CROSS-REFERENCE TO RELATED APPLICATIONS

This application claims priority from provisional application No. 60/582,333, filed Jun. 22, 2004.

BACKGROUND OF THE INVENTION

The present invention relates to digital video signal processing, and more particularly to devices and methods for video coding.

There are multiple applications for digital video communication and storage, and multiple international standards have been and are continuing to be developed. Low bit rate communications, such as, video telephony and conferencing, led to the H.261 standard with bit rates as multiples of 64 kbps, and the MPEG-1 standard provides picture quality comparable to that of VHS videotape.

H.264/AVC is a recent video coding standard that makes use of several advanced video coding tools to provide better compression performance than existing video coding standards such as MPEG-2, MPEG4, and H.263. At the core of all of these standards is the hybrid video coding technique of block motion compensation and transform coding.

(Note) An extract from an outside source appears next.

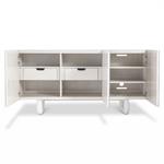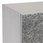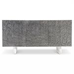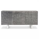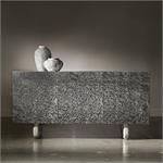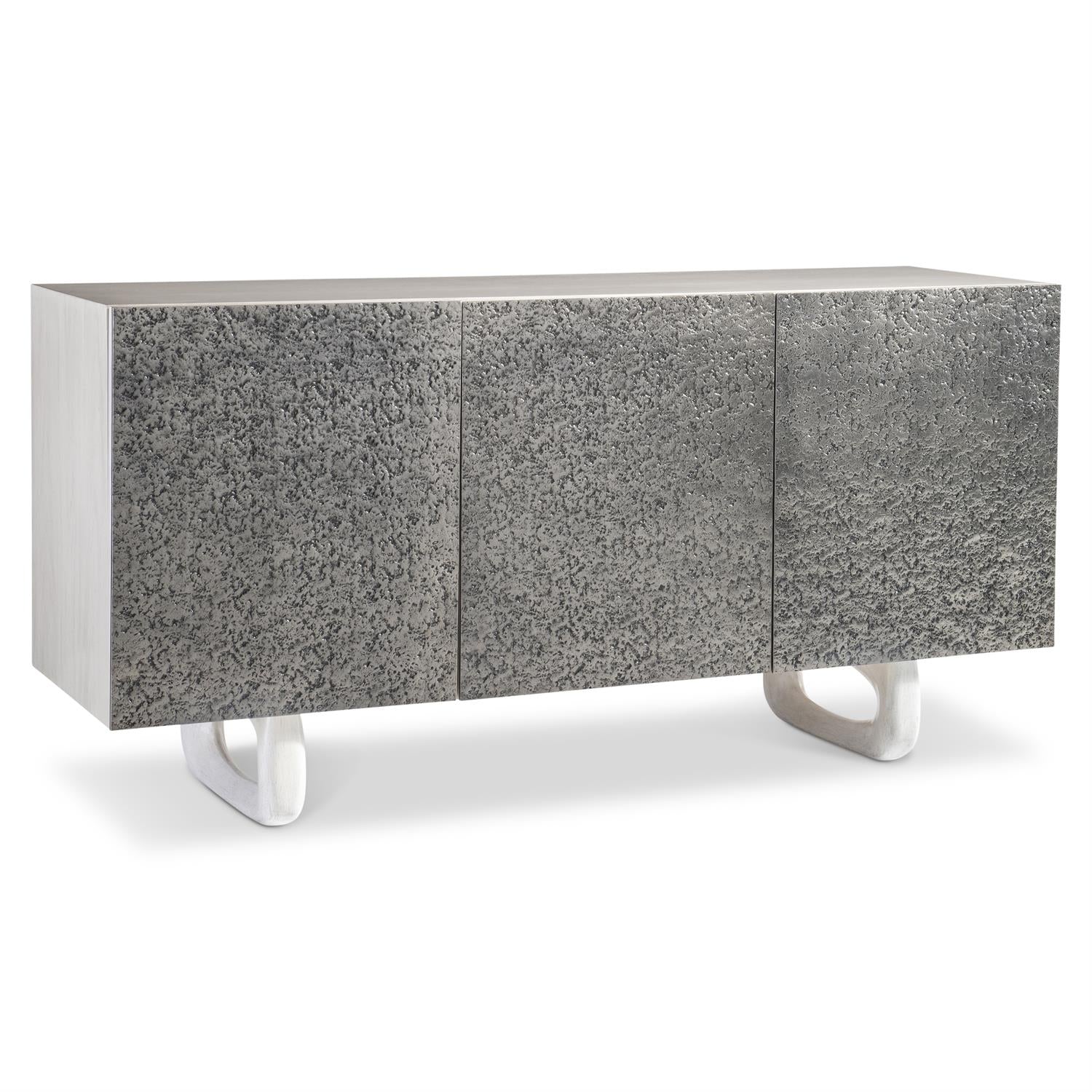 Textured cast aluminum crafts a modern rustic look on this buffet. Walnut wood case in Lutra finish atop cast resin legs in Lutra Faux Stone finish

Block motion compensation is used to remove temporal redundancy between successive images (frames), whereas transform coding is used to remove spatial redundancy within each frame. Traditional block motion compensation schemes basically assume that objects in a scene undergo a displacement in the x- and y-directions; thus each block of a frame can be predicted from a prior frame by estimating the displacement (motion estimation) from the corresponding block in the prior frame. This simple assumption works out in a satisfactory fashion in most cases in practice, and thus block motion compensation has become the most widely used technique for temporal redundancy removal in video coding standards. FIGS. 2a-2b illustrate H.264/AVC functions which include a deblocking filter within the motion compensation loop.

Block motion compensation methods typically decompose a picture into macroblocks where each macroblock contains four 8×8 luminance (Y) blocks plus two 8×8 chrominance (Cb and Cr or U and V) blocks, although other block sizes, such as 4×4, are also used in H.264/AVC. The transform of a block converts the pixel values of a block from the spatial domain into a frequency domain for quantization; this takes advantage of decorrelation and energy compaction of transforms such as the two-dimensional discrete cosine transform (DCT) or an integer transform approximating a DCT. For example, in MPEG and H.263, 8×8 blocks of DCT-coefficients are quantized, scanned into a one-dimensional sequence, and coded by using variable length coding (VLC). H.264/AVC uses an integer approximation to a 4×4 DCT.

The rate-control unit in FIG. 2a is responsible for generating the quantization step (qp) by adapting to a target transmission bit-rate and the output buffer-fullness; a larger quantization step implies more vanishing and/or smaller quantized transform coefficients which means fewer and/or shorter codewords and consequent smaller bit rates and files.

To enable an output-timing conformance video bitstream, an H.264/AVC encoder must guarantee that the Hypothetical Reference Decoder (HRD) of Annex C of the standard can decode the bitstream under an encoder-supplied delivery schedule with specified transmission bitrate, buffer size, and initial delay. Compliant decoders can then achieve output-timing conformance if they output frames with timestamps that differ negligibly from the HRD timestamps. The HRD specification uses 32-bit words and floating-point arithmetic to ensure a high-precision representation for the output-frame timestamps. However, for low-complexity decoder implementations, floating-point arithmetic is computationally expensive and it is therefore preferable to use 16-bit integer-arithmetic.

SUMMARY OF THE INVENTION

The present invention provides a decoder for H.264/AVC bitstream with 16-bit integer-arithmetic output-frame timestamps by a truncation process of quantities to compute the decoded picture buffer output timestamps. These differ negligibly from the timestamps generated by the 32-bit floating point HRD of Annex C of H.264/AVC.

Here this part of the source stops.